PSE Readiness Assessment and Decision Instrument (PSE READI)

Case Western Reserve University, Ohio State University/Ohio SNAP-Ed, The Cleveland Clinic

Overview

The PSE READI intervention was designed with guidance from SNAP-Ed and public health practitioners in Ohio to promote successful implementation of community nutrition Policy, System, and Environmental (PSE) programs as a broader strategy for obesity prevention. Practitioners can take the online PSE Readiness Assessment and Decision Instrument (READI) to assess their community’s readiness and capacity to implement community nutrition PSE changes. The PSE READI can be completed by an individual or the practitioner can invite community members to share their input in a team assessment. The four different PSE READIs currently available include: Farmers’ Markets, Healthy Food Retail, Farm to School, and Healthy Eating Policies in Childcare. After completion of your PSE READI, a report will be generated with three recommendations tailored to local community readiness and capacity. These recommendations will help practitioners and teams plan next steps and guide community nutrition PSE implementation. The PSE READI website includes a curated resource library with over 1,000 toolkits, guides, and other evidence-based PSE resources that provide guidance to help end-users put into action their community nutrition PSE implementation.  

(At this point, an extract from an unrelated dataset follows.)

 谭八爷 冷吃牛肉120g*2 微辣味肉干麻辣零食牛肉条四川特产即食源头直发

Target Behavior: Healthy Eating  
Intervention Type: PSE Change 

Intervention Reach and Adoption

PSE READI was designed for SNAP-Ed and other practitioners interested in implementing a PSE intervention in their targeted community. It was developed based on feedback from practitioners in rural and urban counties in Ohio. The tool launched in January 2019, and 193 end-users created an account and completed 216 PSE READIs. Additionally, 198 and 97 SNAP-Ed and community nutrition practitioners attended a “How To” webinar or an in-person training on the PSE READI, respectively. 

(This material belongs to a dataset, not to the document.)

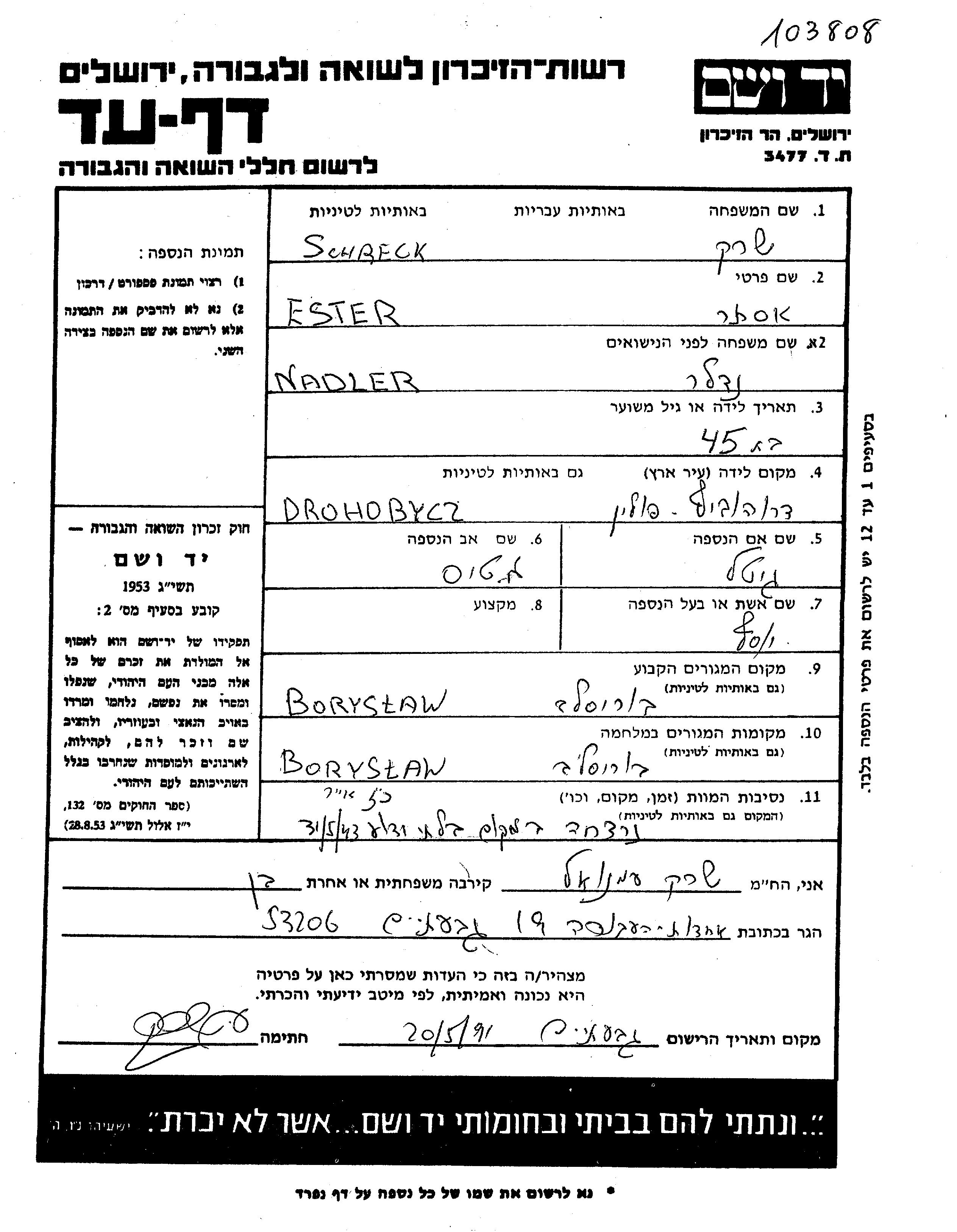 Ester Schrek, geb. Nadler wurde in Drohobycz, Polen geboren. Sie war die Tochter von Matis und Gitel. Sie war mit Josef Verheiratet. Vor dem Zweiten Weltkrieg lebte sie in Boryslaw, Polen. Während des Krieges war sie in Boryslaw, Polen.

Setting: Farmers markets, Childcare (Learn), Community (Live), Retail (Shop/Eat), School (Learn)  
Target Audience: Preschool (<5 years), Pregnant/Breastfeeding Women, Parents/Mothers/Fathers, Adults, Other: Public Health &Community Nutrition Practitioners 
Race/Ethnicity: All 

Intervention Components

The PSE READI intervention helps practitioners to assess, plan, and act to optimize successful interventions in a specific community or targeted service area. Four web-based diagnostic tools were developed and focus on: Farmers’ Markets, Healthy Food Retail, Farm to School, and Healthy Eating in Childcare. Practitioners sign up for a free online account and take the PSE READI assessment individually or as a team. Assessments may be repeated over time to evaluate change. After taking the assessment, a tailored report is provided with three recommendations for action based on high, medium, or low readiness scores for select indicators, which are weighted based on the consensus feedback methodology employed to develop the PSE READI tool. Each recommendation has resources that are intended to advance action toward PSE implementation. Users can explore other resources in the PSE READI library to assist in developing, implementing, or evaluating a PSE change. 

Intervention Materials

The PSE Readiness Assessment and Decision Instrument (PSE READI) supports tailoring of community nutrition PSEs.  

 The online intervention includes 

  • Assessments related to Farmers’ Markets (FM), Farm to School (F2S), Healthy Food Retail (HFR), and Healthy Eating in Childcare (HEC).  
  • Personalized reports with tailored recommendations to support PSE implementation 
  • Library of resources to build capacity and bolster success 
  • Webinars to foster integration of PSE READI into planning and evaluation. 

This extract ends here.